::: Supplied records
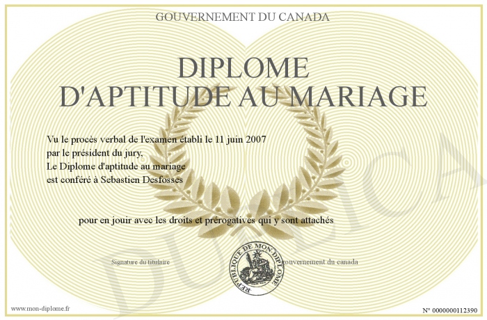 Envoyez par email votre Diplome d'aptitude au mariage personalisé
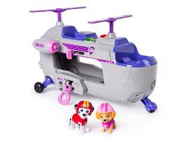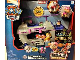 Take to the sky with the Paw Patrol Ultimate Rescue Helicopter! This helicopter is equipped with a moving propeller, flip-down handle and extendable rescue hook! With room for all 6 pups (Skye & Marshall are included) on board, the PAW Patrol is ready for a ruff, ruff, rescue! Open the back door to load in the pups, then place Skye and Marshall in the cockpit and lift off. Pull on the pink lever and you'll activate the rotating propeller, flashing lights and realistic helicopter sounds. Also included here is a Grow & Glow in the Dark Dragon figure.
::::::
::: Supplied records
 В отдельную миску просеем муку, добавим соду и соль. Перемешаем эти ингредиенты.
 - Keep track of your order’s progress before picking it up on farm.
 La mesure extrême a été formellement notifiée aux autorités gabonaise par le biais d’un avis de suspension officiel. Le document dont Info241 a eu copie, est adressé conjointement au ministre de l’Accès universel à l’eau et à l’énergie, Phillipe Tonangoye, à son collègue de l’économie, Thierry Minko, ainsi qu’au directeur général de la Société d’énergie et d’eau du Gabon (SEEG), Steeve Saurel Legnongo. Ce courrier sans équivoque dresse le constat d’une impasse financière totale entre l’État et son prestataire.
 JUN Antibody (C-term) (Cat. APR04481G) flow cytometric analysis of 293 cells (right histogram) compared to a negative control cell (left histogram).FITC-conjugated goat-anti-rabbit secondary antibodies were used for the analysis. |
::::::
Task brief
Above are entries with pictures among them. Write out exactly the lines from the one containing "Envoyez par email" through the one containing "Take to the", ends included, and leave those pictures out.

Written response
 Envoyez par email votre Diplome d'aptitude au mariage personalisé
 Take to the sky with the Paw Patrol Ultimate Rescue Helicopter! This helicopter is equipped with a moving propeller, flip-down handle and extendable rescue hook! With room for all 6 pups (Skye & Marshall are included) on board, the PAW Patrol is ready for a ruff, ruff, rescue! Open the back door to load in the pups, then place Skye and Marshall in the cockpit and lift off. Pull on the pink lever and you'll activate the rotating propeller, flashing lights and realistic helicopter sounds. Also included here is a Grow & Glow in the Dark Dragon figure.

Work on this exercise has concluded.